Researchers At NAVER AI Lab Introduces ReLabel: A Novel Framework To Turn ImageNet Evaluation Into A Multi-Label Task

ImageNet is one of the most popular image classification benchmarks. It contains more than 14 million labeled images and has improved many image recognition models’ performances. However, it also includes a significant label noise level.

Studies show that many ImageNet samples contain multiple object classes, despite being assumed to be a single-label benchmark. The de-facto standard for the image classifiers also includes a striking level of label noise. Thus the aim is to provide ImageNet training images with multi-label classes and localized labels that indicate where each object is located. 

Researchers from NAVER AI Lab in South Korea have found a computationally efficient re-labeling strategy that fixes this vital flaw in ImageNet. The team proposes “ReLabel,” a novel re-labeling method developed to turn ImageNet evaluation into a multi-label task, with exhaustive multi-label annotations per image. 
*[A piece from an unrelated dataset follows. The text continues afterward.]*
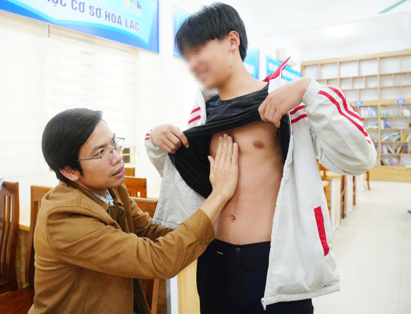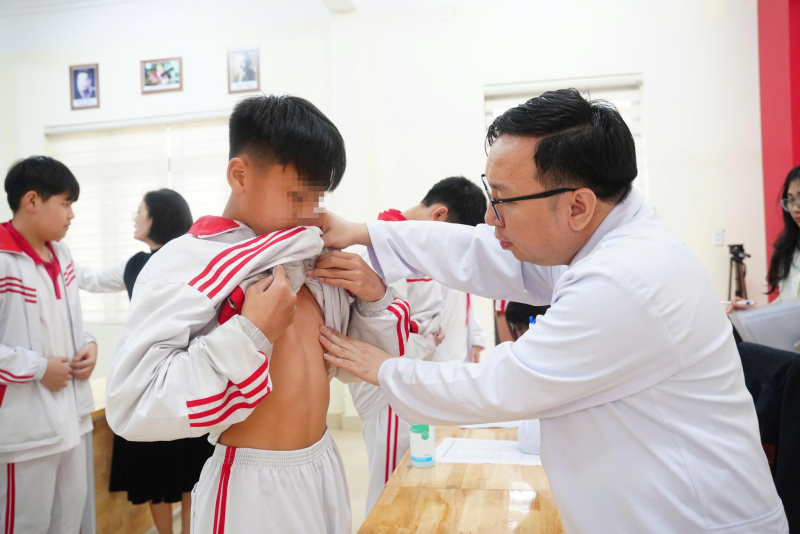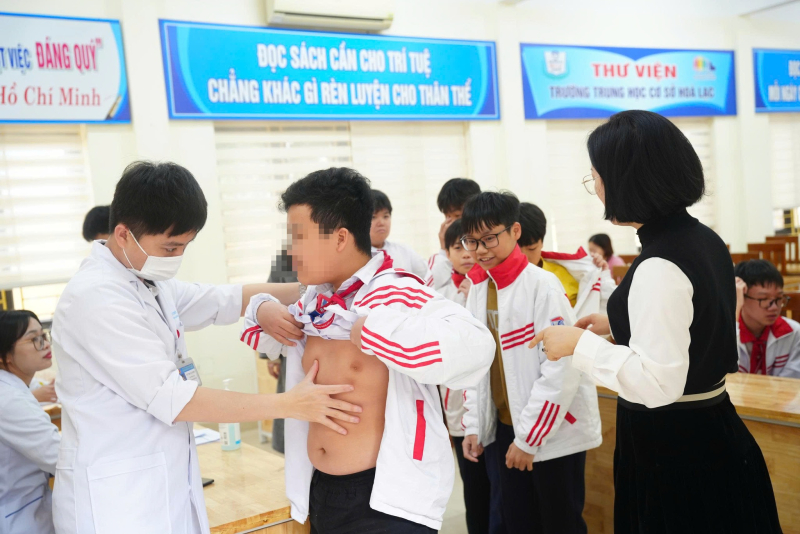 Với sự chỉ đạo chuyên môn của BSCKII Hoàng Văn Quyết - Phó Giám đốc Bệnh viện Bãi Cháy, Đoàn công tác đã trực tiếp thăm khám cho hơn 700 học sinh Trường THCS Hòa Lạc. Hoạt động khám được triển khai bài bản, khoa học, kết hợp giữa thăm khám lâm sàng, tư vấn chuyên sâu, hướng trọng tâm đánh giá hình thái lồng ngực, chức năng hô hấp – tim mạch và sàng lọc dị tật lõm ngực bẩm sinh và các dạng biến dạng lồng ngực khác.

Instead of expanding the ImageNet validation set labels into multi-labels like earlier work, the researchers have tried to develop a method for the ImageNet training labels. This approach transforms the single-class labels of 1.28 million training images on ImageNet into multi-class labels assigned to image regions.

The researchers have pre-trained a machine annotator on a super-ImageNet scale (the JFT-300M dataset with 300 million images and InstagramNet-1B with about 1 billion Instagram images). They then fine-tuned the machine annotator on ImageNet to predict the database’s classes. This generates new multi-class ground truth labels without incurring the overwhelming costs associated with human annotators.

The ReLabel approach allows machine annotators to generate location-wise multi-labels. The new LabelPooling framework trains the image classifier using these localized multi-labels. It passes predictions through the final pooling layer stating additional location-specific supervision signals. ReLabel results in a steady gain across ImageNet benchmarks, transfer-learning tasks, and multi-label classification tasks.

The team pre-trained state-of-the-art classifier EfficientNet-L2 trained with JFT-300M , and ResNeXT-101 32x with InstagramNet-1B. They selected EfficientNet-L2 as their machine annotator because it boosted the top-1 classification accuracy of ResNet-50. On ImageNet classification, training ResNet-50 with ImageNet ReLabel achieved a top-1 accuracy of 78.9%, for a +1.4 percent accuracy gain over the baseline model trained with the original labels.

Even though the machine annotator was pre-trained, when the proposed ReLabel method is combined with the LabelPooling framework, it drastically decreased ResNet-50 training time from 328 GPU hours to only 10 GPU hours.